Luis Salom was killed during the first day of practice. When a rider dies during a race, there is no time to reflect, no time to think. The race continues, or the race is canceled, then everyone goes home and has time to come to terms with what happened with their loved ones. On Friday, riders retired to their motorhomes or their hotels, as did team members and media, and had time to sit and brood.
The riders still came out to prepare for the race, however, and ride the newly revised layout of the track. The danger was there, but they accept it as part of the sport. "You never think about that," Pol Espargaro said. "Why do people love our sport? Because we go at 350 km/h on the straight. Or we go through the corners at 200 km/h. Some people love our sport because it’s risky and we give to people the adrenaline that they cannot get."

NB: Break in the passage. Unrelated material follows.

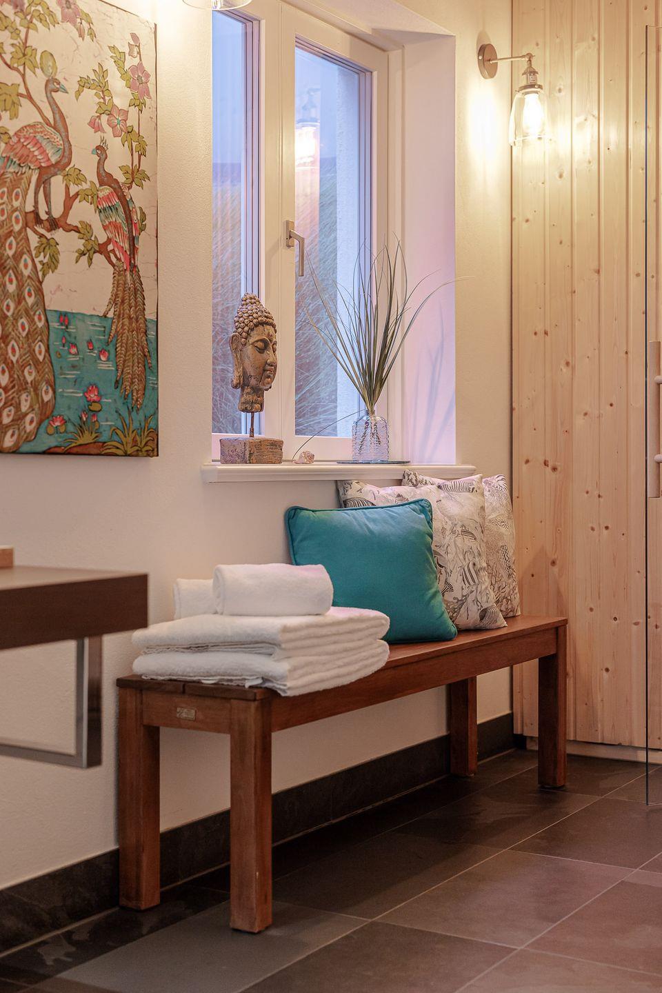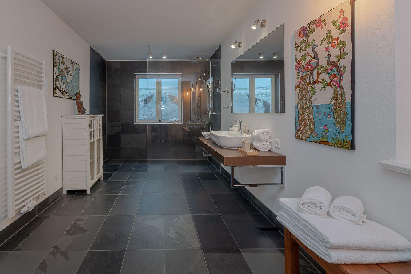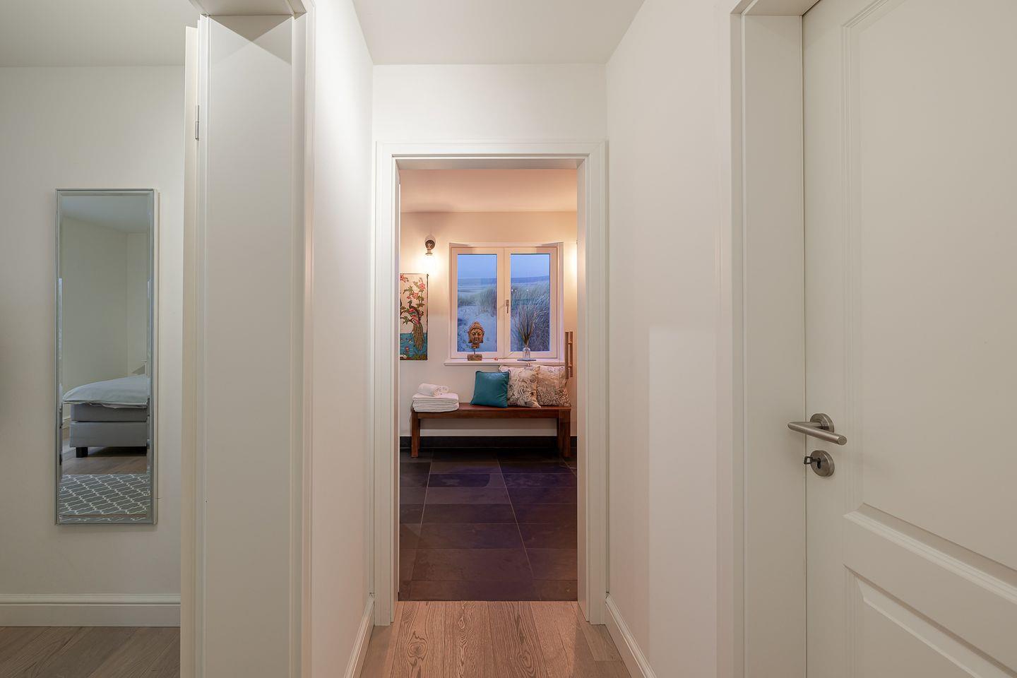 Der private Wellnessbereich mit Sauna lädt dazu ein, sich nach einem langen Spaziergang am Strand zu entspannen und neue Energie zu tanken. Ein praktischer und privater Hauswirtschaftsraum mit Waschmaschine und Trockner steht ebenfalls zur Verfügung, damit Sie sich während Ihres Aufenthalts um nichts sorgen müssen.

Dealing with death and danger
But how do you deal with that danger, I asked him, how do you deal with the knowledge that you could die? "I understand, but you don’t realize it," Espargaro answered honestly. "I’ve spoken a lot of times like that with my girlfriend. She said, ‘No, don’t say that!’ But it’s like that." Despite knowing the risks, Pol Espargaro would change nothing. "Maybe one day I can crash and get injured or even die. If I die in three years and I restarted my life again I would do the same. It’s our life. For sure Luis would do the same now."
The riders tuck the danger away in a corner of their minds, and don't think about it. How do they ride after such a clear demonstration of the danger? "It’s very easy because the riders can’t think too much about the bad things happen in the track," Andrea Dovizioso explained. "Every time we ride you can’t think about everything can happen, because every lap is not enough for what you did. You have to pass every time your limit." You have to push at the limit ever lap, trying to go faster, ignoring the risks. "You have to be focused on that to be really fast, faster and faster, and every practice try to improve."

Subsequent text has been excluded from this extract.